Only the stretch below from the line holding "-智慧Layer 2網路管理支援SNMP v1/v2c/v3, Access" through the line holding "新鮮な牛ホルモンや野菜に甘辛" should be restated, word for word and with both ends included; pictures stay out.

Top of Records shown

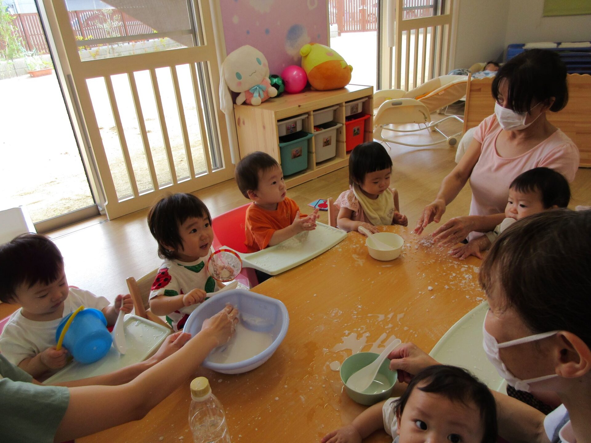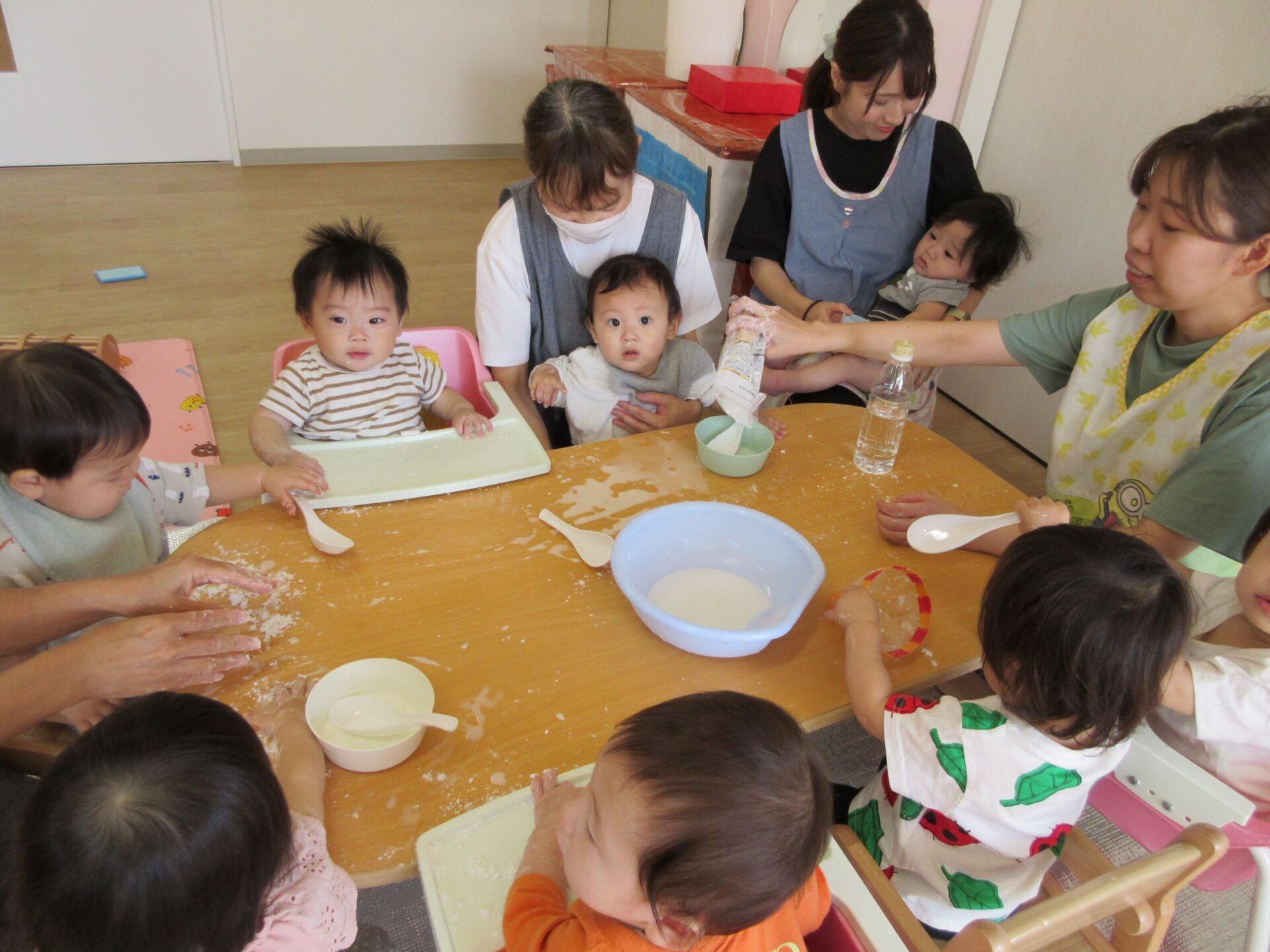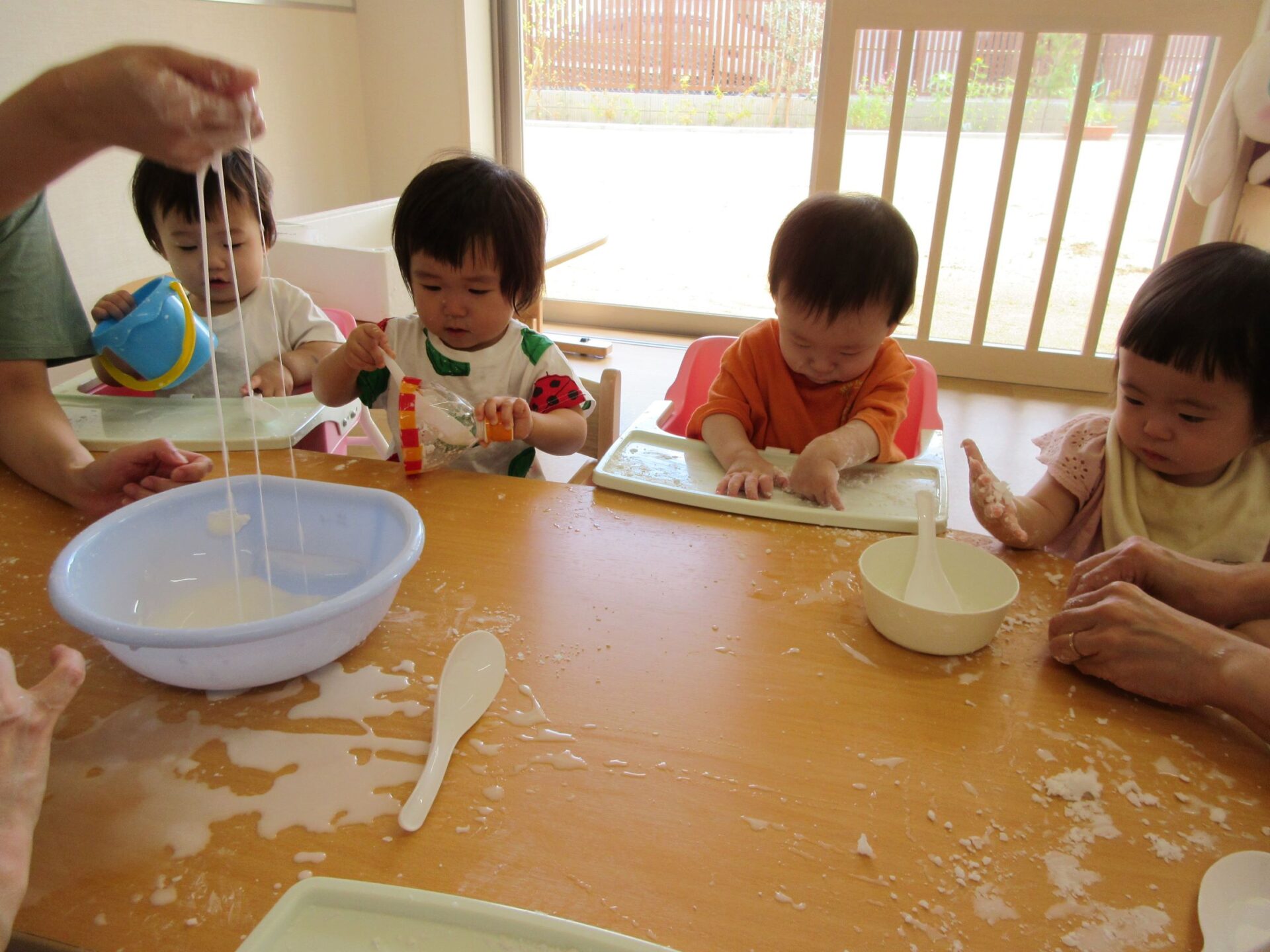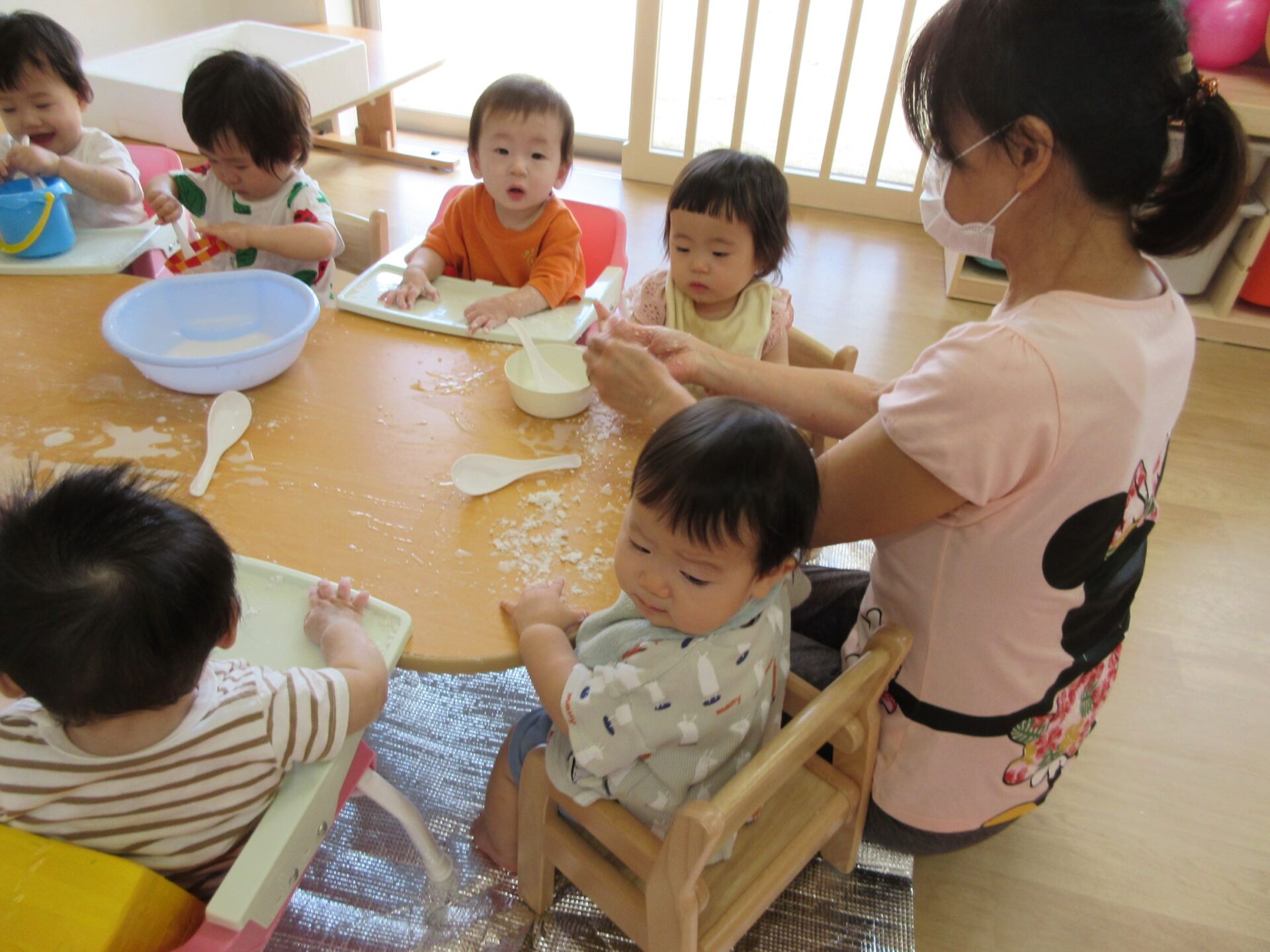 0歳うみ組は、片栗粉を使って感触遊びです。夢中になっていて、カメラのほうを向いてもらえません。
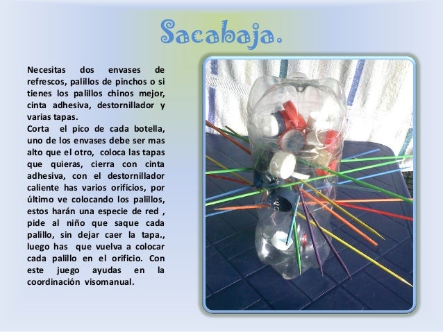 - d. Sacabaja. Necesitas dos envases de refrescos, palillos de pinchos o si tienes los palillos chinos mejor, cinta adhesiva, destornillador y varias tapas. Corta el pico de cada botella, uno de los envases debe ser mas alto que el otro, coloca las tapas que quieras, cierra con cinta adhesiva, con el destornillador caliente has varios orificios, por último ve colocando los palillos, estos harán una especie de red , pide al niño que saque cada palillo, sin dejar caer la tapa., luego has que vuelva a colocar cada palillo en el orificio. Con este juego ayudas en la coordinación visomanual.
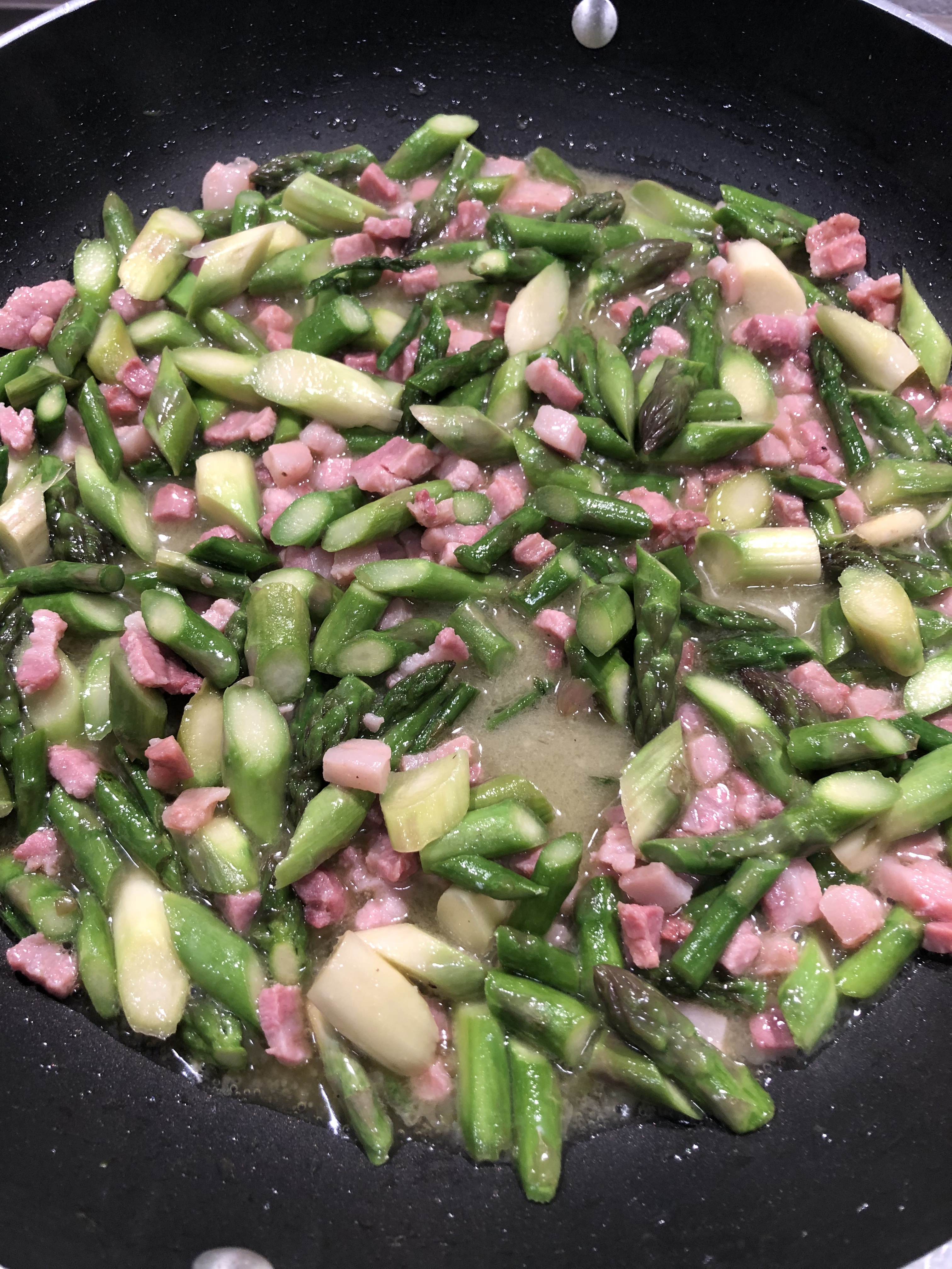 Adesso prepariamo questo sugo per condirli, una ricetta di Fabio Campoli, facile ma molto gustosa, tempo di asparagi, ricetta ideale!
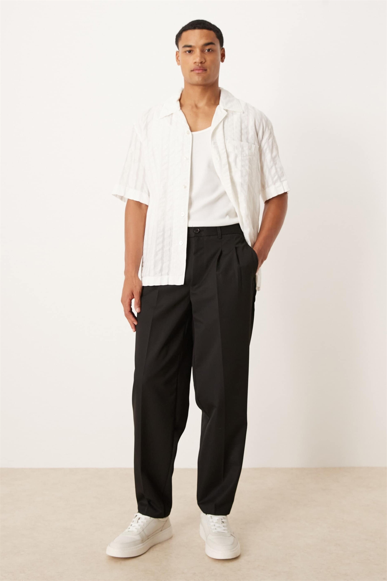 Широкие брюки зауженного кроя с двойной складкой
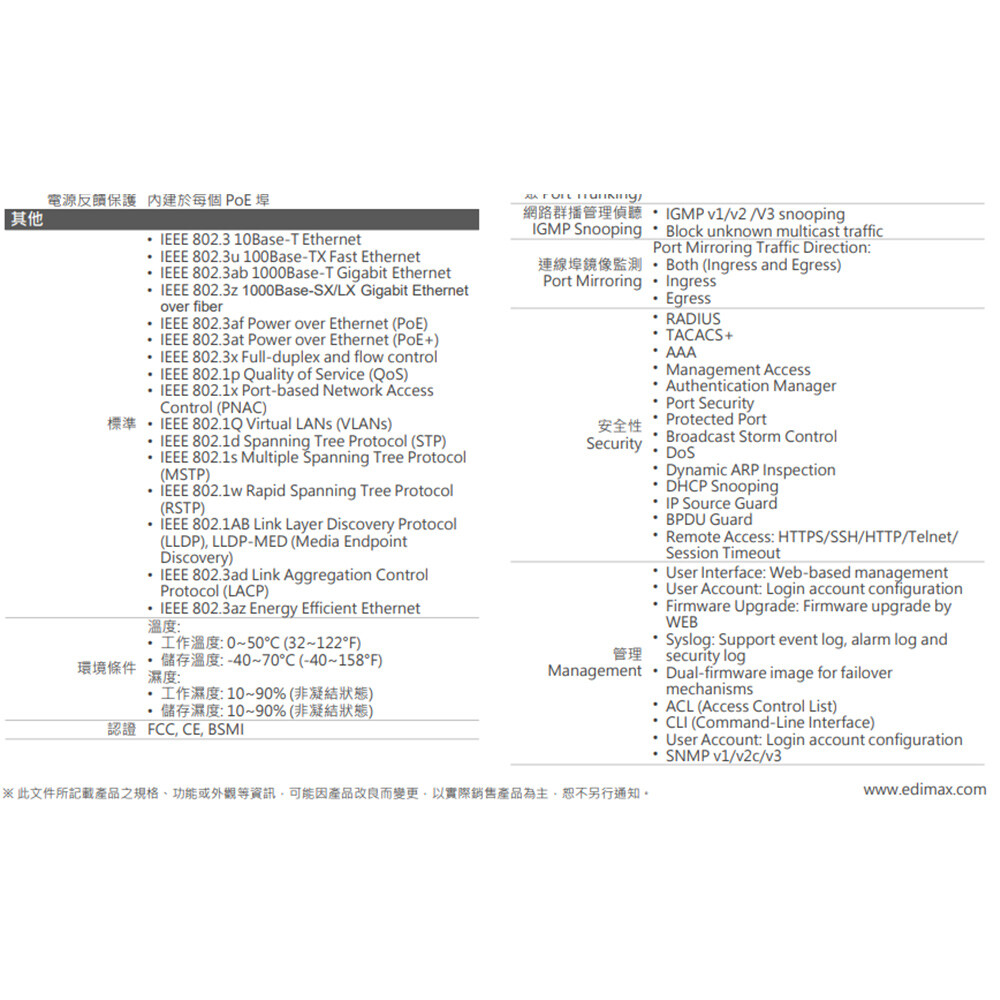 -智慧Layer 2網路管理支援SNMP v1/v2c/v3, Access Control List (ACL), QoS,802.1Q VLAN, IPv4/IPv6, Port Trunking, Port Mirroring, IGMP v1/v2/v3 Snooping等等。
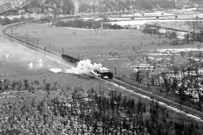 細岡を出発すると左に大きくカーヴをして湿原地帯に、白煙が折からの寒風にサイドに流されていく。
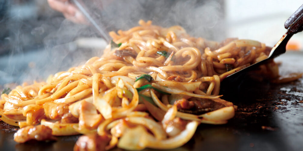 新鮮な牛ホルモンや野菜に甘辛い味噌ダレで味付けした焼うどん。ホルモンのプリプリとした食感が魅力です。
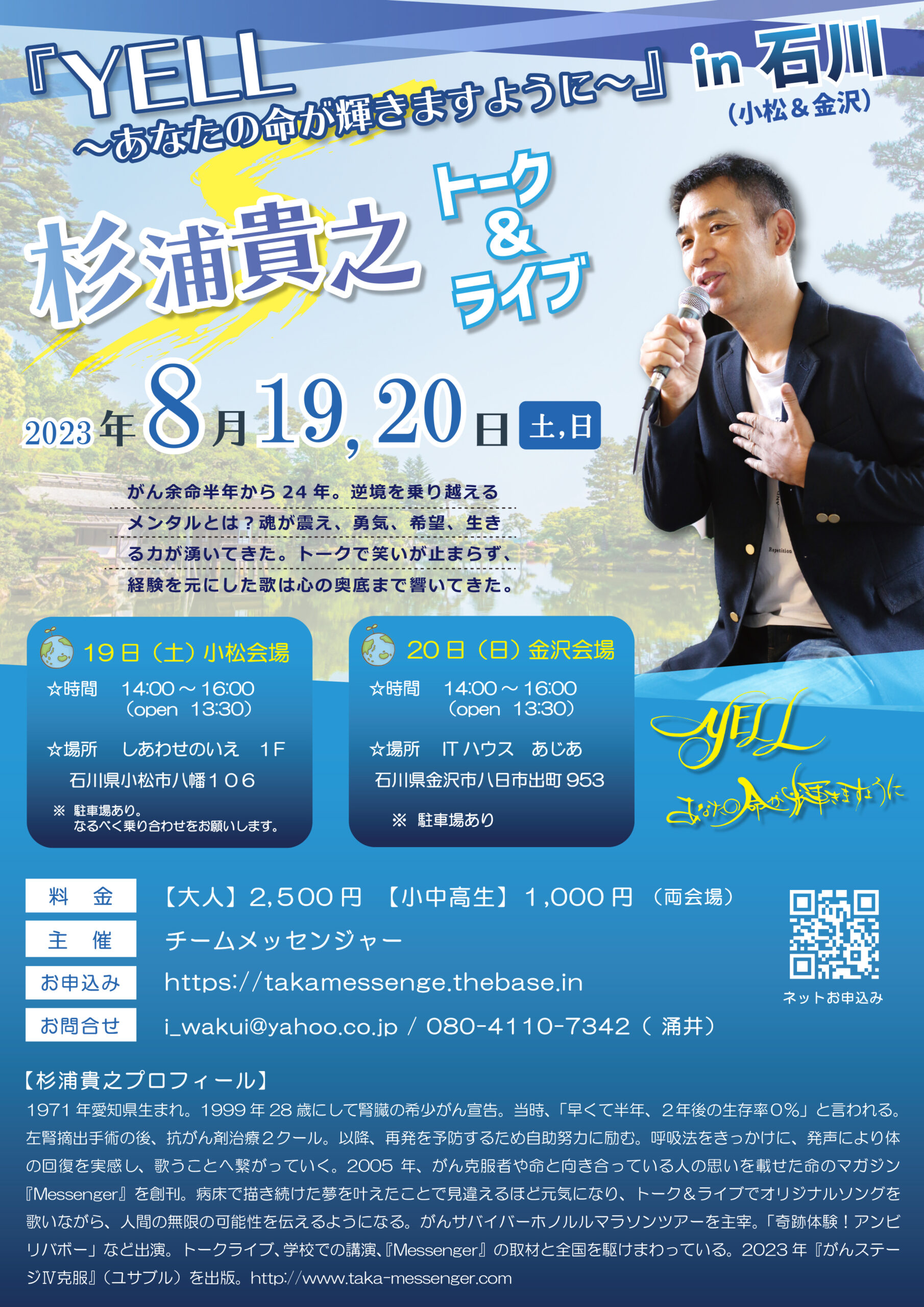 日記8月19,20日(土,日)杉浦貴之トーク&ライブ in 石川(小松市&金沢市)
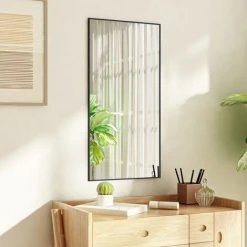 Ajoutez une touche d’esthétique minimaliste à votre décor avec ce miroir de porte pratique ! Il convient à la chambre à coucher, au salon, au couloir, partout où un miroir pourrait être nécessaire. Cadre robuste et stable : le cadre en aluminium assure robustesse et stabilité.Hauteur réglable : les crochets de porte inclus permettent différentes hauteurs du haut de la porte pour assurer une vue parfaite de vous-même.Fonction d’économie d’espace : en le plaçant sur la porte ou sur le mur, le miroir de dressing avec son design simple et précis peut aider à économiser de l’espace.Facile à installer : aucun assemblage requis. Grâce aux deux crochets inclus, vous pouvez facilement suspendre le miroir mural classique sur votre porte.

Bottom of Records shown

* Written solution:
 -智慧Layer 2網路管理支援SNMP v1/v2c/v3, Access Control List (ACL), QoS,802.1Q VLAN, IPv4/IPv6, Port Trunking, Port Mirroring, IGMP v1/v2/v3 Snooping等等。
 細岡を出発すると左に大きくカーヴをして湿原地帯に、白煙が折からの寒風にサイドに流されていく。
 新鮮な牛ホルモンや野菜に甘辛い味噌ダレで味付けした焼うどん。ホルモンのプリプリとした食感が魅力です。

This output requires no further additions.